| name | agent-memory-framework |
| description | Design and implement memory-augmented AI agents using modular architecture (extraction, update, retrieval, response). Inspired by MemFactory (arxiv:2603.29493) - unified training/inference framework for agent memory with RL-driven policy optimization (GRPO). Use when building long-term AI agents, memory management systems, or implementing Memory-R1/RMM/MemAgent paradigms. Keywords: agent memory, memory-augmented LLM, MemFactory, Memory-R1, memory lifecycle, GRPO, memory extraction, memory retrieval. |
Agent Memory Framework
Design memory-augmented AI agents with modular, RL-optimized memory management.
Core Concepts
Memory Lifecycle (6 Stages)
Conversation → [Extraction] → [Update Decision] → [Storage] → [Organization] → [Retrieval] → [Response] → Answer
| Stage | Function | Implementation |
|---|
| Extraction | Extract key info from conversation | LLM-based extraction |
| Update Decision | ADD/UPDATE/DELETE/NOOP | RL policy (GRPO) |
| Storage | Store memory entries | Vector DB / Knowledge Graph |
| Organization | Structure memory | Hierarchical / Temporal |
| Retrieval | Find relevant memories | Semantic search |
| Response | Generate answer | LLM reasoning |
Memory Operations
| Operation | Trigger | Example |
|---|
| ADD | New information | User: "My name is Alice" → ADD name=Alice |
| UPDATE | Information change | User: "I moved to NYC" → UPDATE location=NYC |
| DELETE | Outdated info | Time-based expiration → DELETE old entries |
| NOOP | No new info | Irrelevant conversation → NOOP |
RL Policy Optimization (GRPO)
Group Relative Policy Optimization:
- Fine-tune memory management policies
- Multi-dimensional rewards:
- Answer quality
- Memory efficiency
- Conversation coherence
Architecture Patterns
Pattern 1: Dual-Agent Architecture (Memory-R1)
Memory Manager Agent:
Input: Conversation history
Output: Memory operation sequence
Training: RL (GRPO/PPO)
Answer Agent:
Input: Question + Retrieved memories
Output: Answer
Training: RL + Supervised
Advantages:
- Specialization: Each agent focuses on its task
- Scalability: Can train agents separately
- Efficiency: 152 QA pairs sufficient for training
Pattern 2: Modular Memory Pipeline
class MemoryPipeline:
def __init__(self):
self.extractor = MemoryExtractor()
self.updater = MemoryUpdateDecision()
self.storage = MemoryStorage()
self.retriever = MemoryRetriever()
self.responder = ResponseGenerator()
def process(self, conversation, query):
new_info = self.extractor.extract(conversation)

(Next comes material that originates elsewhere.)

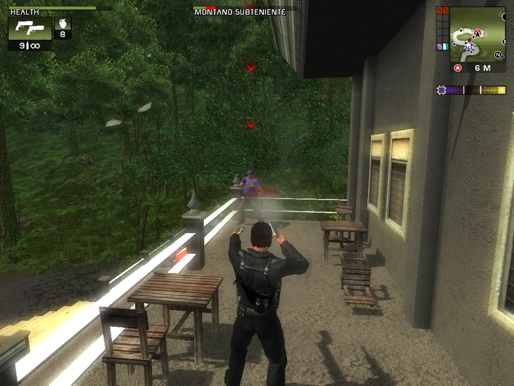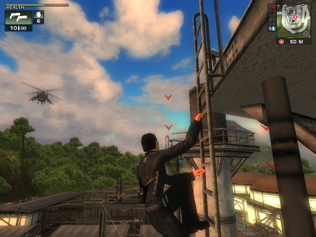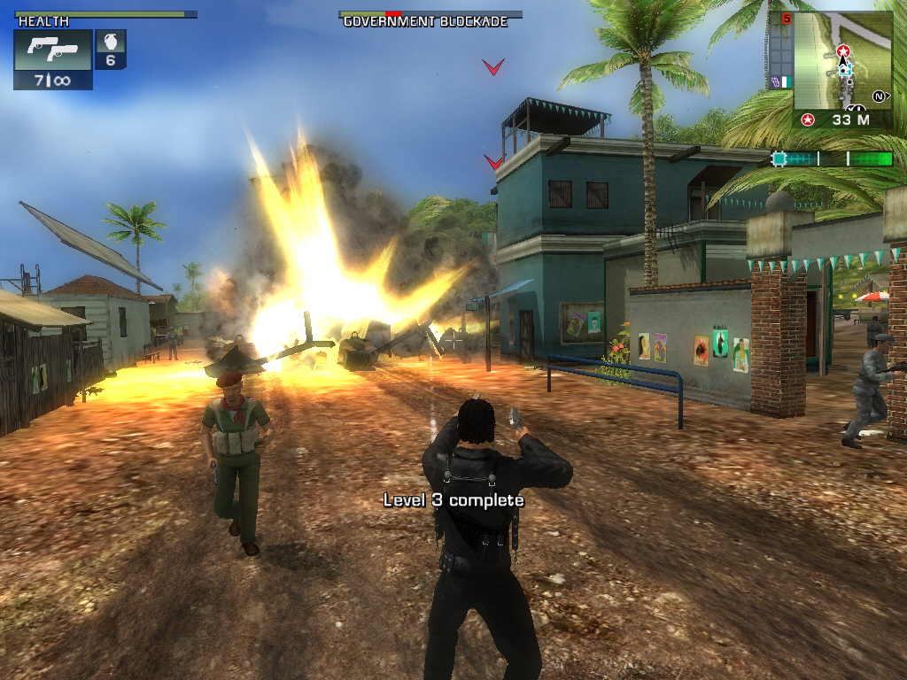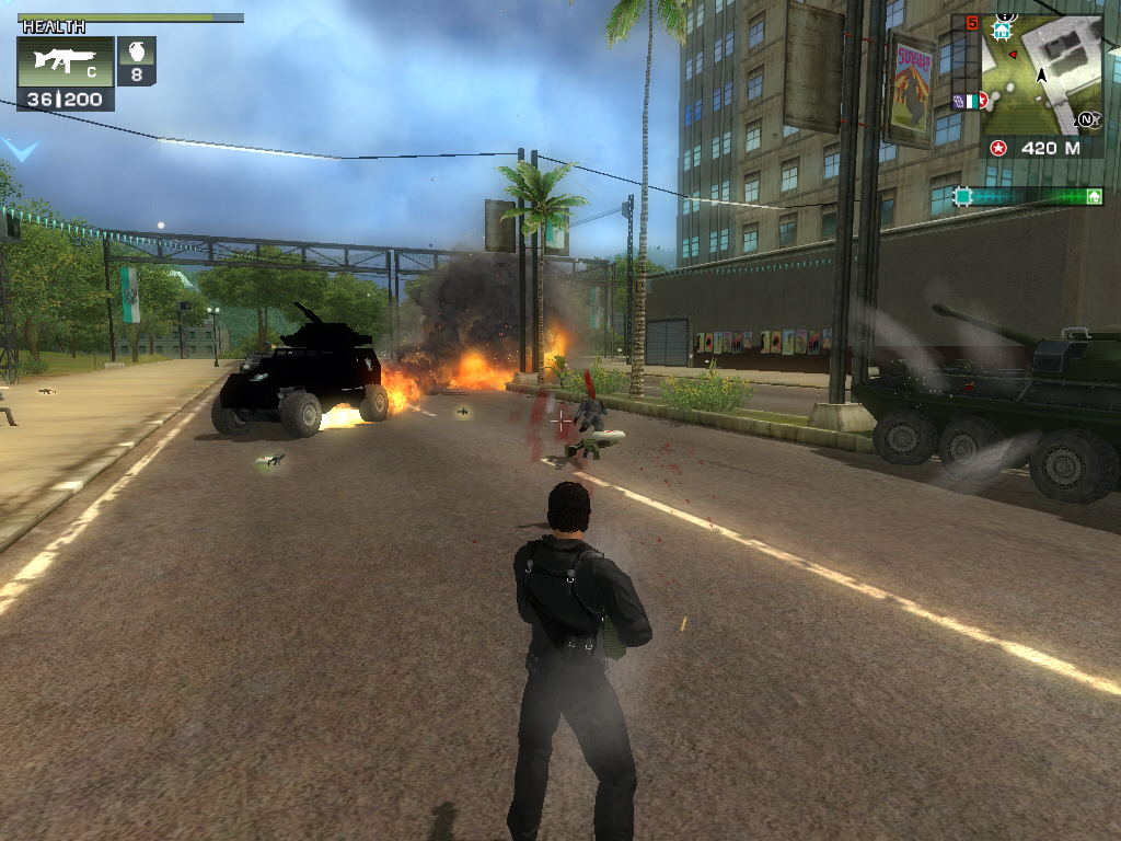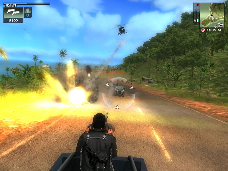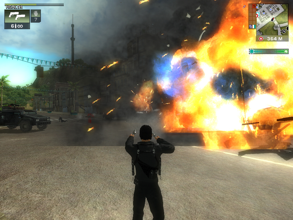 Just Causeに登場するのは,ハンドガン(ピストル),サブマシンガン,ショットガン,ロケットランチャー,アサルトライフル,そしてエクスプローシブ(爆発物)の7タイプで,それぞれのタイプごとに3種類の武器が用意されている。一度に所持できる武器は各タイプ1種類ずつのみとなるが,そもそもXboxやプレイステーション2でのリリースが念頭にあったためだろう,銃撃戦の難度は非常に低く設定されている。倒した相手は必ずヘルスパックや武器を落としてくれるので,ハンドガンと手榴弾だけでも十分にゲームを進めていけるのだ。

operations = self.updater.decide(self.storage, new_info)
self.storage.apply(operations)
memories = self.retriever.retrieve(query, self.storage)

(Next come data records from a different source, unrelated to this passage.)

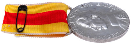 Baden Karl Friederich Verdienst Medaille: Silver plated steel, 38 mm, original ribbon, pin, and envelope, light wear.
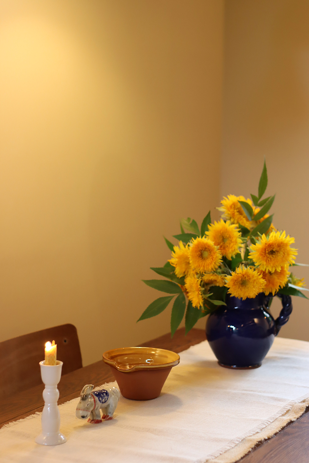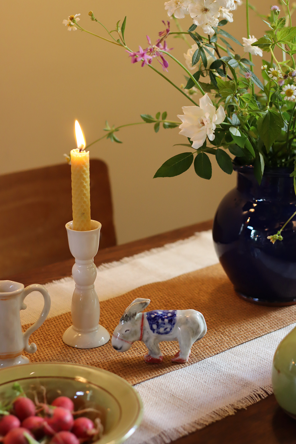 在餐桌上點起蠟燭,更增添餐桌上的氣氛,也很有溫暖的節慶感
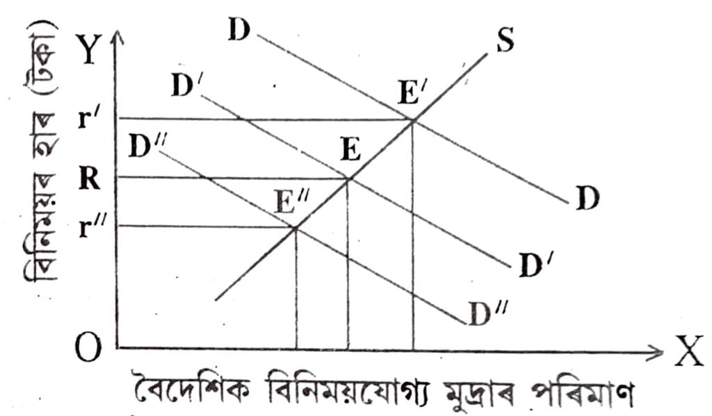 চিত্ৰত DD ৰেখাই বৈদেশিক মুদ্ৰাৰ চাহিদা আৰু SS ৰেখাই সেই মুদ্ৰাৰ যোগান বুজাইছে। DD ৰেখাডাল বাঁওফালৰ পৰা সৌপিনে ঢাল খোৱা। ইয়াৰ কাৰণ হ’ল বৈদেশিক বিনিময়যোগ্য মুদ্ৰাৰ দাম বৃদ্ধি, হ’লে বিদেশত উৎপাদিত সামগ্রী ক্রয় কৰোঁতে অধিক পৰিমাণৰ দেশীয় মুদ্রা খৰচ কৰিব লাগিব। গতিকে আমদানি কমি মুদ্ৰাৰ চাহিদাও কমি যাব। মুদ্ৰাৰ যোগান বৃদ্ধি হ’ব লাগিলে দেশৰ ভিতৰত উৎপাদিত সামগ্ৰীৰ বৈদেশিক চাহিদা স্থিতিস্থাপকতা এককতকৈ অধিক হ’ব লাগিব। ৰপ্তানিৰ জৰিয়তে অৰ্জন কৰা বৈদেশিক মুদ্ৰাৰ পৰিমাণ বৃদ্ধি হ’ব। চিত্ৰত E বিন্দুত বৈদেশিক বিনিময়যোগ্য মুদ্ৰাৰ চাহিদা আৰু যোগান সমান হৈছে। গতিকে E ভাৰসাম্য বিন্দুত Or হ’ল ভাৰসাম্য বিনিময় হাৰ। মুদ্ৰাৰ চাহিদা বৃদ্ধি হোৱাত নতুন চাহিদা ৰেখা DD হ’ল।” অপৰিৱৰ্তিত যোগানৰ বাবে DD’ যে E বিন্দুত কটাকটি কৰে। নতুন ভাৰসাম্য বিনিময় হাৰ হ’ব। সেইদৰে বৈদেশিক বিনিময়যোগ্য মুদ্ৰাৰ চাহিদা হ্রাস পালে যোগান অপৰিৱৰ্তিত অৱস্থাত নতুন ভারসাম্য বিন্দু ‘E’ হ’ব আৰু ভাৰসাম্য বিনিময় হাৰ ‘r’ হ’ব।
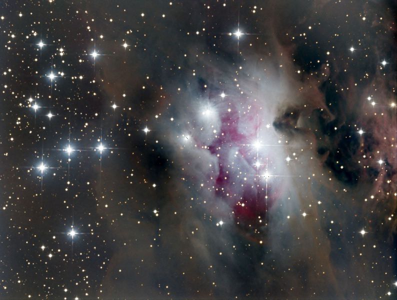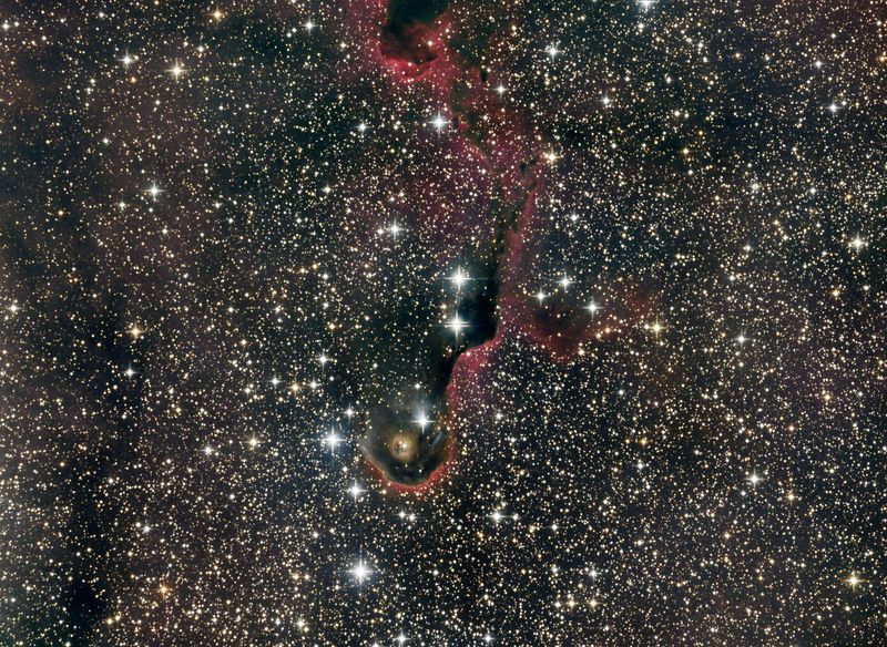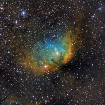 Nebel gehören für mich zu den schönsten, aber auch herausfordernsten photografischen Zielen. Die üblichen für Amateurinstrumente erreichbaren Nebel sind augedehnte HAlpha Gebiete / Emissionsnebel. Auf (RGB) Farbaufnahmen der HAlpha Emissionsnebel dominiert Rot, die Wellenlänge des einfach angeregten Wasserstoffs. Farbenprächtiger dagegen sind sind Planetarische Nebel, "kurzlebige" Überreste einer Supernova. Die meisten planetarischen Nebel sind im Vergleich zu den HAlpha Regionen klein und mit meinen Instrumenten kaum im Detail auflösbar. Faszinierend und herausfordernd sind dann die Dunkel- und Refelxionsnebel, wie etwa der Irisnebel oder Teile des Elefantenrüsselnebels. Hier dominieren Staub/Molekülwolken, die die Strahlung junger heißer Sterne selektiv reflektieren.
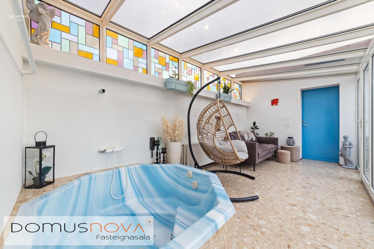 Stór garður til suðurs með góðu skjóli. Tveir sólskálar og nýjar lagnir fyrir heitan pott.

return self.responder.generate(query, memories)
Pattern 3: RL Training Loop
def train_memory_policy(agent, episodes):
for episode in episodes:
conversation = simulate_dialogue()
operations = agent.get_operations(conversation)
outcome = execute_operations(operations)
reward = compute_reward(outcome)
agent.policy.update(operations, reward)
Implementation Guide
Step 1: Design Memory Schema
memory_entry = {
"id": "mem_001",
"content": "User preference: dark mode",
"type": "preference",
"timestamp": 1703275200,
"importance": 0.8,
"source": "conversation_123",
"metadata": {"category": "ui_settings"}
}
Step 2: Implement Extraction
def extract_memory(conversation: str) -> List[MemoryEntry]:
"""Extract key information from conversation."""
prompt = f"""
Extract key facts, preferences, and events from this conversation.

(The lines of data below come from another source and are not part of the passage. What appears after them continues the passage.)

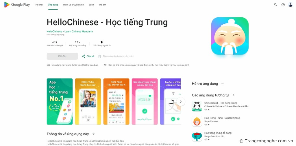 Hello Chinese là một ứng dụng phù hợp cho người mới bắt đầu học tiếng Trung. Thông qua các câu chuyện, video clip được ghi bởi người bản xứ cùng nhiều công nghệ tiên tiến, người dùng có thể học các kỹ năng nghe, nói, đọc, viết một cách hiệu quả nhất.
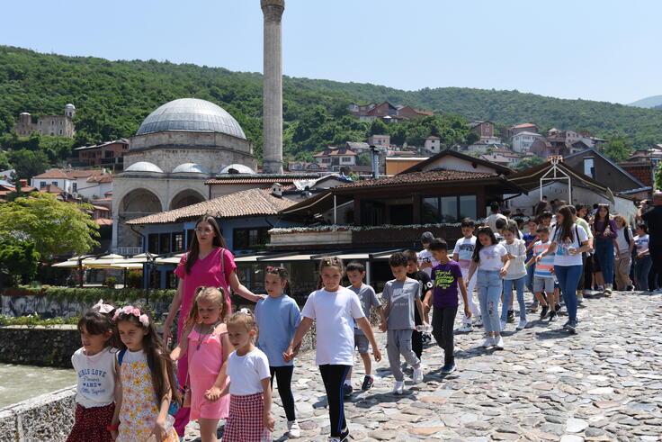 To raise awareness about the importance of cultural heritage and religious diversity, the OSCE Mission in Kosovo organized a visit for 73 primary and secondary school students from Mitrovica/Mitrovicë and Gjilan/Gnjilane regions and their teachers to four cultural and religious heritage sites in the Historic Center of Prizren.
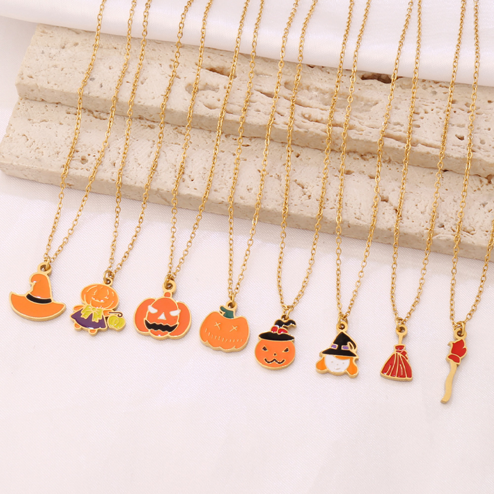 Halloween Colorful Oil Drop Pumpkin Broom Pendant Necklace Personalized Fashion New Stainless Steel Clavicle Chain Women's Jewelry

Return as structured JSON.
Conversation: {conversation}
"""
extracted = llm.generate(prompt)
return parse_to_memories(extracted)
Step 3: Implement Update Decision
class MemoryUpdatePolicy:
def decide(self, storage: MemoryStorage, new_info: List) -> List[Operation]:
"""Decide which memory operations to perform."""
operations = []
for info in new_info:
existing = storage.search(info.content)
if not existing:
operations.append(Operation("ADD", info))
elif info.is_update(existing):
operations.append(Operation("UPDATE", existing.id, info))
return operations
Step 4: Implement Retrieval
def retrieve_memories(query: str, storage: MemoryStorage, k: int = 60) -> List:
"""Retrieve top-k relevant memories."""
candidates = storage.vector_search(query, k)
relevant = filter_by_relevance(candidates, query)
return select_top_subset(relevant, threshold=0.7)
Step 5: RL Training
def compute_reward(outcome: Outcome) -> float:
reward = 0.0
reward += outcome.answer_quality * 0.5
reward += outcome.memory_efficiency * 0.3
reward += outcome.conversation_coherence * 0.2
return reward
Supported Paradigms
Memory-R1 (arxiv:2508.19828)
- Dual-agent architecture
- Operations: ADD, UPDATE, DELETE, NOOP
- Training: PPO/GRPO, 152 QA pairs
- Benchmarks: LoCoMo, MSC, LongMemEval
RMM (Retrieval-Augmented Memory Management)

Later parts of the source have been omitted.